President of the Ku Klax Klan Pastor Thomas Robb with his wife Muriel Robb. Photo / Supplied.
Pastor Thomas Robb, the softly spoken 62-year-old leader of one of the largest Ku Klux Klan organisations remaining in the United States, admits that it has been a difficult past couple of weeks.
He has been bed-ridden with flu - ever since he was a child growing up in the cold climate of Detroit, Michigan, his illnesses have lingered longer than normal.
And Robb's work, which consists of unifying the "global minority of white people", has also kept him extremely busy. "Someone wrote me an email just yesterday," Robb says. "They wanted to tell me that I was the most evil person in the world."

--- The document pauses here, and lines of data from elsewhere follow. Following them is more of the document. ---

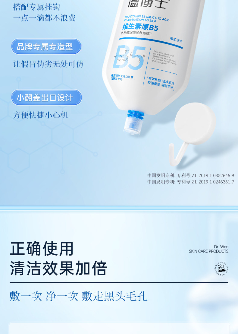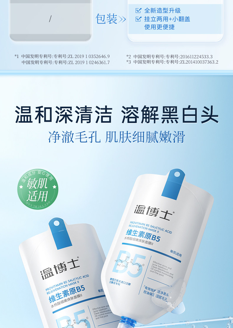温博士B5清洁面膜 水杨酸毛孔去黑头闭口粉刺泥膜深层清洁补水收缩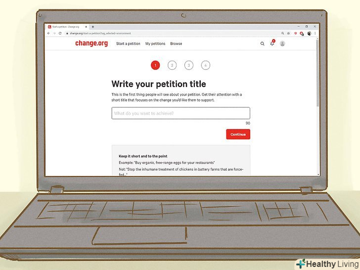 Поширюйте онлайн-петиції.завдяки інтернету (починаючи з клопотання), зараз не потрібно ходити по квартирах з ручкою і стосом паперів. Є безліч сайтів і платформ соціальних мереж, в яких розміщуються петиції. Щоб підтримати клопотання, необхідно:[11]- Створити чітку, конкретну і реалістичну мету — "захистити лісисту місцевість, яка прилягає до Парку ветеранів від забудови".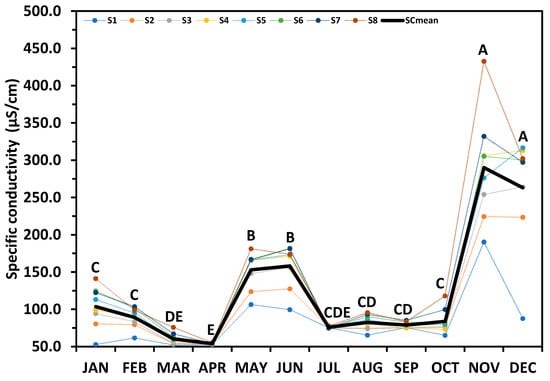 Monthly mean specific conductivity for all sites combined (heavy black line). Means with the same letter are not significantly different at p < 0.05. Shown also are monthly means for individual sites (S1–S8).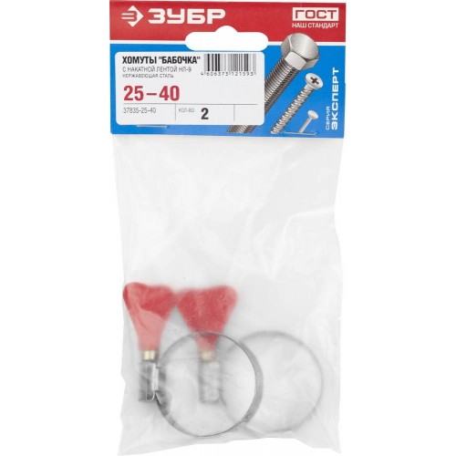 Хомут металлический ЗУБР 37835-25-40, предназначен для крепления шлангов к патрубкам, а также широко применяются в автомобилестроении, машиностроении, при выполнении авторемонтных, садовых, сантехнических и прочих работ. Хомут червячный состоит из накатной ленты и замка с пластиковым ключом. Пластиковый ключ обеспечивает возможность установки хомута без помощи инструментов. Накатная лента имеет гладкую внутреннюю поверхность, что обеспечивает высокую герметичность соединения без повреждения поверхности скрепляемых материалов. Изготовленный из нержавеющей стали хомут обладает повышенной прочностью и коррозионостойкостью. Червячный винт снабжен пластиковым ключом, что позволяет установить хомут без помощи инструментов. Хомут предназначен для многократного использования.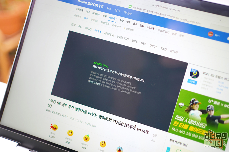 그래서 VPN 서비스를 이용하게 되면 공간의 제약 없이 다양한 활용을 할 수 있습니다. 참고로 서비스마다 접속하는 국가에 따라 보여지는 내용을 달리 하는 경우가 있습니다. 해외 나가서 네이버에 접속해 본 분들은 경험하셨을 텐데요. 예를 들어서 네이버에 올라온 스포츠 하이라이트 영상 같은 경우 해외에서는 재생이 안됩니다. 해당 국가에서는 볼 수 없다는 메시지를 보게 되는데요. 이럴때 VPN을 이용하면 아무 문제없이 서비스를 이용할 수 있습니다.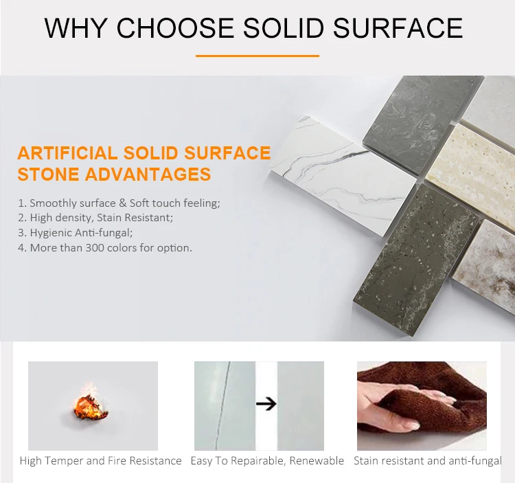 Material | All visible part pure solid surface or translucent solid surface |
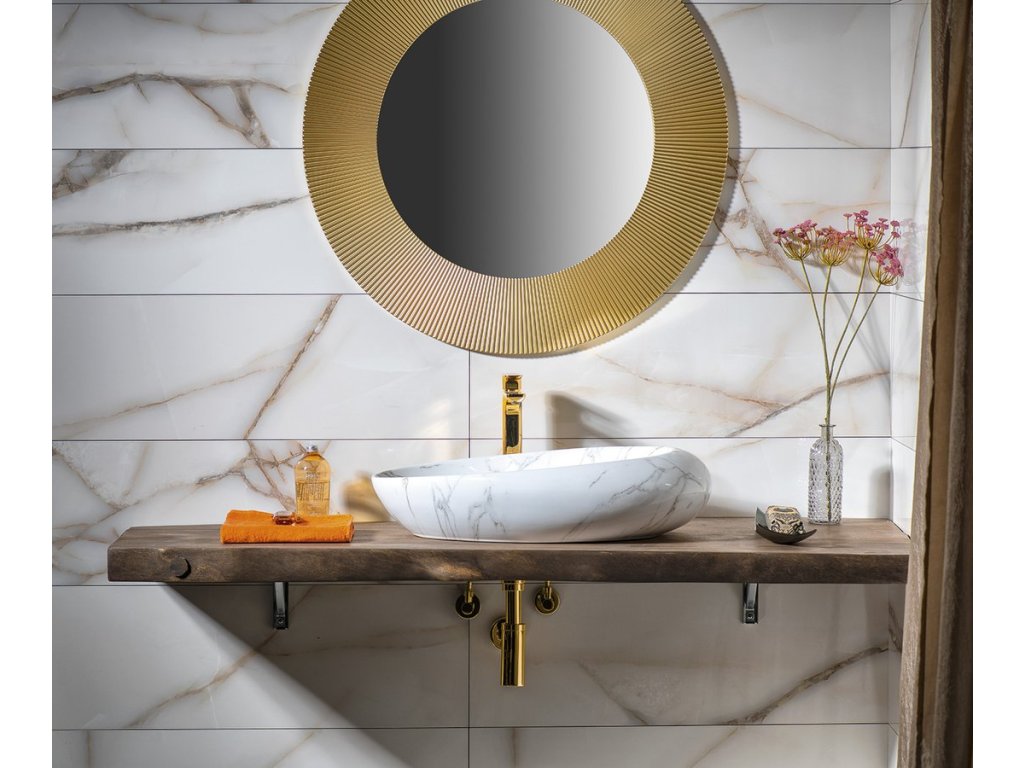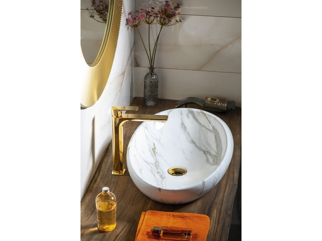 Série keramických umyvadel DALMA zaujme kamenným efektem. Umyvadla jsou glazovaná s vypálenými obtisky v designu kamene, čímž je zaručena stálost a trvanlivost dekoru. Vybírat můžete nejen ze tří dekorů v odstínech mramoru, ale i z pěti tvarů. Umyvadla jsou určena k postavení na desku, ke všem lze dokoupit uzavíratelnou výpust v barvě umyvadla.
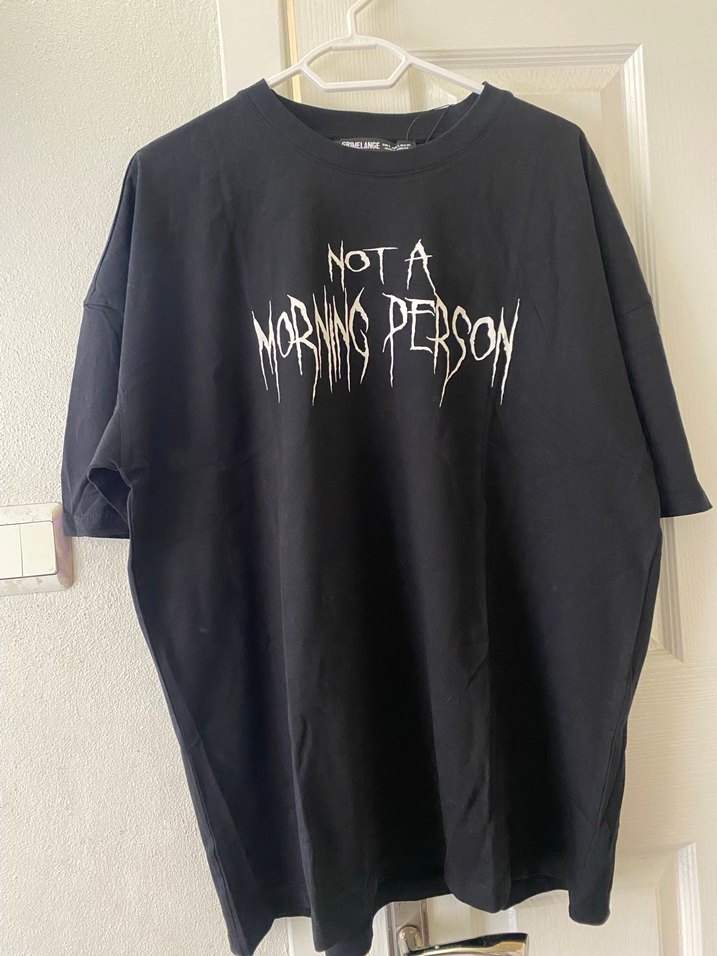 Siyah, oversize kesim, kısa kollu hamile tişörtü. 'NOT A MORNING PERSON' baskılı, nefes alabilir keten kumaştan, günlük kullanım için uygun, grunge punk tarzında.

Despite the grand scale of his mission, Robb leads his chapter of the Klan from rather modest surroundings in Zinc, a remote northern Arkansas settlement.
Like many of the countless small towns that dot America's southern states, Zinc is undersized (76 residents, according to the 2000 census) and has a largely white population. Nearly 40 per cent of its inhabitants live below the poverty line.
Zinc lies near the invisible border that divides the northern and southern states of the US, the Mason-Dixon Line, which separates Arkansas from the Midwest confines of Missouri.
What makes Zinc different is that it is home to the headquarters of the Knights of the Ku Klux Klan.
The Klan, once the most feared racist group in America, still has a small yet active membership throughout the American south and mid-west - estimates put national figures at 6000 to 8000 Klansmen.
Robb credits the internet, as well as the "average American's" concern about illegal immigration, for the sustained interest in the Klan.
"A young father who is worried about the flood of immigrants into the US can go to his computer and find us," Robb says. "We are right there for him - www.kkk.com."
The second time we speak, Robb begins by explaining some common Klan terminology and traditions. "Firstly, it's not called burning the cross, it's called lighting the cross," Robb says.
"And it's not necessarily just a symbol of the Klan - it shows the power of Jesus Christ."
Robb explains that what became widely popularised as a symbol of Klan terror is not restricted to the lawns of the Klan's enemies.
"If you visit a local Methodist church here [in the South], or even a Presbyterian church, you'll see representations of crosses with flames at the base. The firing of the cross is a Christian ideal."